Looking at the dates and the unquestionable similarities, we can draw some conclusions. It’s obvious Preston directly or indirectly asked the AI to create text he intended to include in the piece, and not just based on his notes. Given that the two reviews were published four months apart (and considering the typically lengthy editing process at the Times, he likely submitted it much earlier), that’s almost certainly not enough time for the AI’s training data to be updated. Which means the AI tool he used was incorporating web search (aka RAG) to come up with the copy.
This was a mistake. Giving Preston the benefit of the doubt, he may not have deliberately told the AI he was using to synthesize other reviews of the book, and perhaps it grabbed The Guardian review on its own. But he certainly didn’t tell the AI not to do that, which would seem to be an essential part of your prompt if you want to avoid the very plagiarized text he ended up including.
From taboo to tool
It bears repeating: In many—if not most—cases, how you use AI matters more than whether or not you use it at all. That requires acquiring a thorough understanding of these tools’ abilities and pitfalls, being meticulous about the parameters of your prompts, and a willingness to adapt your process continually. It’s an ongoing process, and it needs guardrails—such as “always” and “never” commands to avoid specific problems and (human) fact-checking. Otherwise, you’re playing with a gun that could easily go off.

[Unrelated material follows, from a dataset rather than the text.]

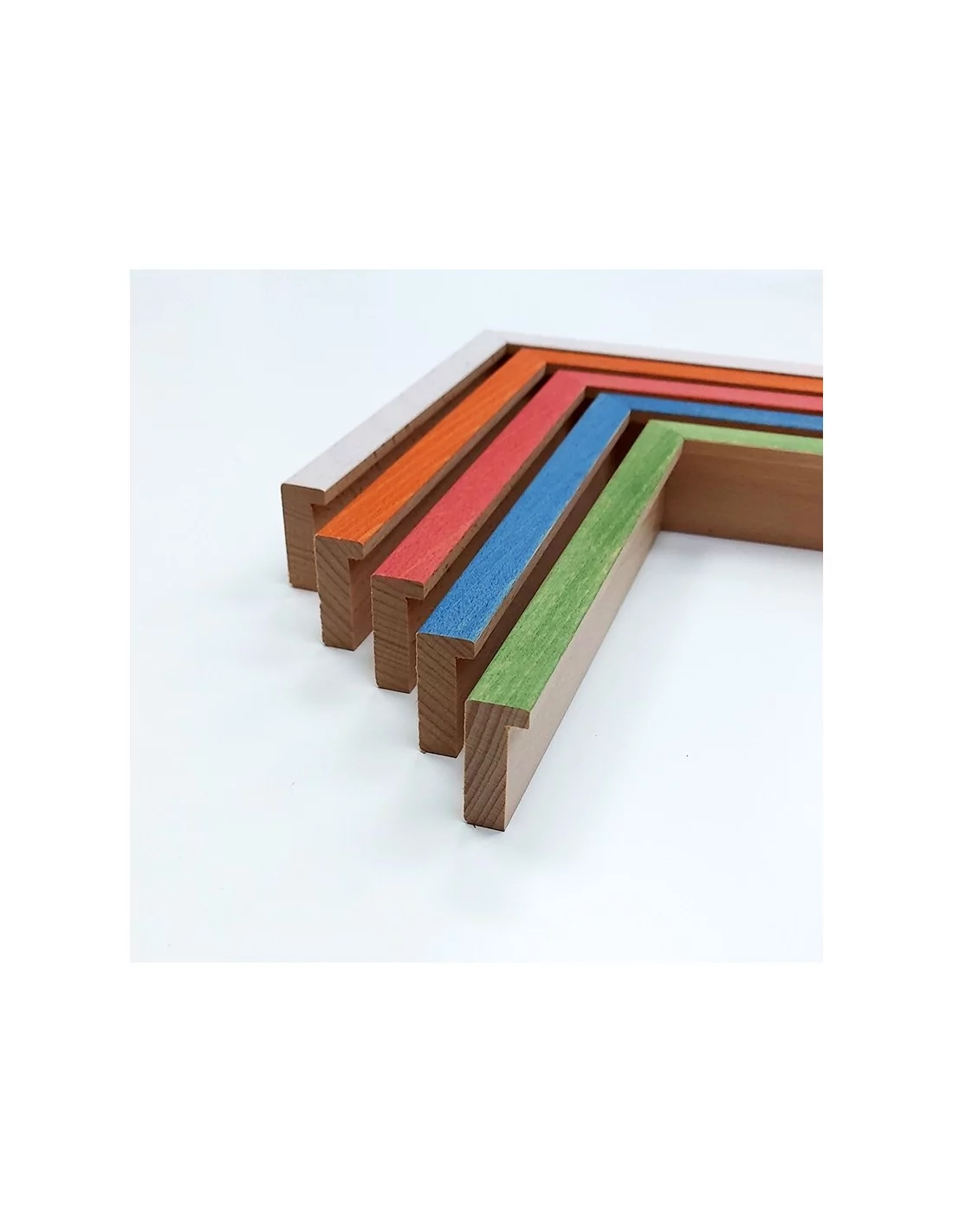 Moldura de madera HAYA maciza con TINTE NARANJA, para fabricar cuadros.

There are systemic safeguards beyond simple techniques. Whether you’re an independent writer or a full newsroom, it pays to have an AI policy. As a media AI trainer, I of course would encourage investing in training, but I think it’s still objectively a good idea. But most importantly, the trial-and-error that comes with figuring out the boundaries of “good AI” should be kept out of public view if you can avoid it. In the case of AI-assisted writing, developing your prompting and guardrails in a private sandbox is essential.

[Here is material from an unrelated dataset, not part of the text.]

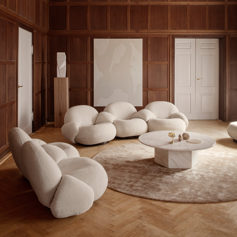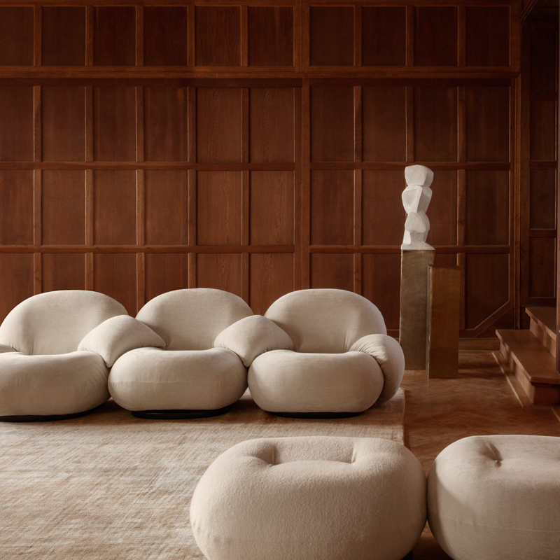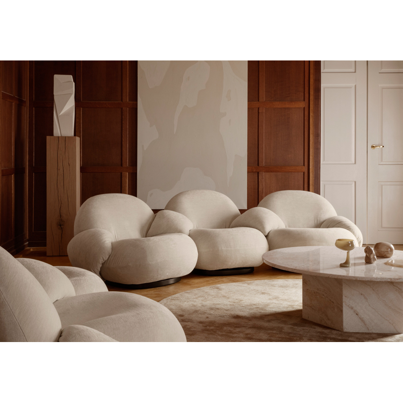 Reissued today by Gubi, the Pacha collection was originally designed by Pierre Paulin in 1975. The French designer imagined a new design form, replacing post-war austerity with a new, much more vigorous approach. Pierre Paulin has succeeded in giving real elegance to the rounded shapes of the Pacha armchair by finding the perfect proportions. The seat is slightly raised at the base and the seams emphasise the shape. Pierre Paulin was also one of the first to get rid of armchair legs and in doing so establish a new way of life, sitting closer to the ground. The result is a modern and durable armchair that offers comfort and warmth. Now available in sofa version, Pacha is a unique series that brings life and character to all interior styles.

That may seem obvious, but part of the “magic” of AI is that it creates outputs that seem identical to human-created outputs that have gone through a rigorous process. To the untrained eye, the appearance of competence feels good enough. Unlocking AI’s potential as a partner in writing and journalism means not simply trusting the underlying process, but accepting your role to build it, test it, and adjust it as needed. The more journalists do that, the more the stigma will fade.